In some aspects, the techniques described herein relate to a non-transitory computer readable medium, wherein taking action includes: when the audio distortion is present, not transmitting the detected audio to the conference session; and when the audio distortion is absent, transmitting the detected audio to the conference session.

In some aspects, the techniques described herein relate to a non-transitory computer readable medium, wherein the determining includes determining whether reverberation originating at the neighbor loudspeaker or loudspeaker distortion originating at the neighbor loudspeaker is present or absent.

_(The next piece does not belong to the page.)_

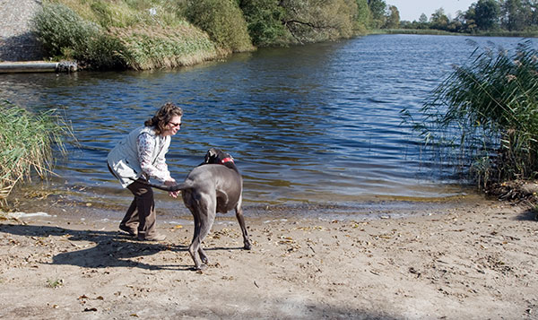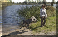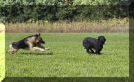 | 10.09.2007: Die hormonelle Phase ist noch immer nicht vorbei. Wenn es sich einrichten lässt fahren wir mit Iska ein Stück raus ins Grüne - in freier Natur ist fast alles in Ordnung... ebenso auf dem Hundeplatz und beim Fährten. Ab und an denkt man nun ist es überstanden - dann pufft an einem LKW die Hydraulik (oder was auch immer...) und Iska bekommt einen ganz flatterigen Blick und will nur noch nach hause.... :/ |

The descriptions of the various embodiments have been presented for purposes of illustration, but are not intended to be exhaustive or limited to the embodiments disclosed. Many modifications and variations will be apparent to those of ordinary skill in the art without departing from the scope and spirit of the described embodiments. The terminology used herein was chosen to best explain the principles of the embodiments, the practical application or technical improvement over technologies found in the marketplace, or to enable others of ordinary skill in the art to understand the embodiments disclosed herein.

Claims

What is claimed is:

1. A method performed by an endpoint device that includes a microphone and a loudspeaker, the method comprising:

muting the loudspeaker;

participating in a conference session with a neighbor endpoint device that shares a space with the endpoint device;

detecting audio in the space using the microphone to produce detected audio;

determining whether audio distortion, originating at a neighbor loudspeaker of the neighbor endpoint device, is present or absent in the detected audio; and

taking action to transmit the detected audio to the conference session, or not transmit the detected audio to the conference session to prevent echo, based on a result of the determining.

2. The method of claim 1, wherein taking the action includes:

when the audio distortion is present, not transmitting the detected audio to the conference session; and

when the audio distortion is absent, transmitting the detected audio to the conference session.

3. The method of claim 1, wherein the determining includes determining whether reverberation or loudspeaker distortion originating at the neighbor loudspeaker is present or absent.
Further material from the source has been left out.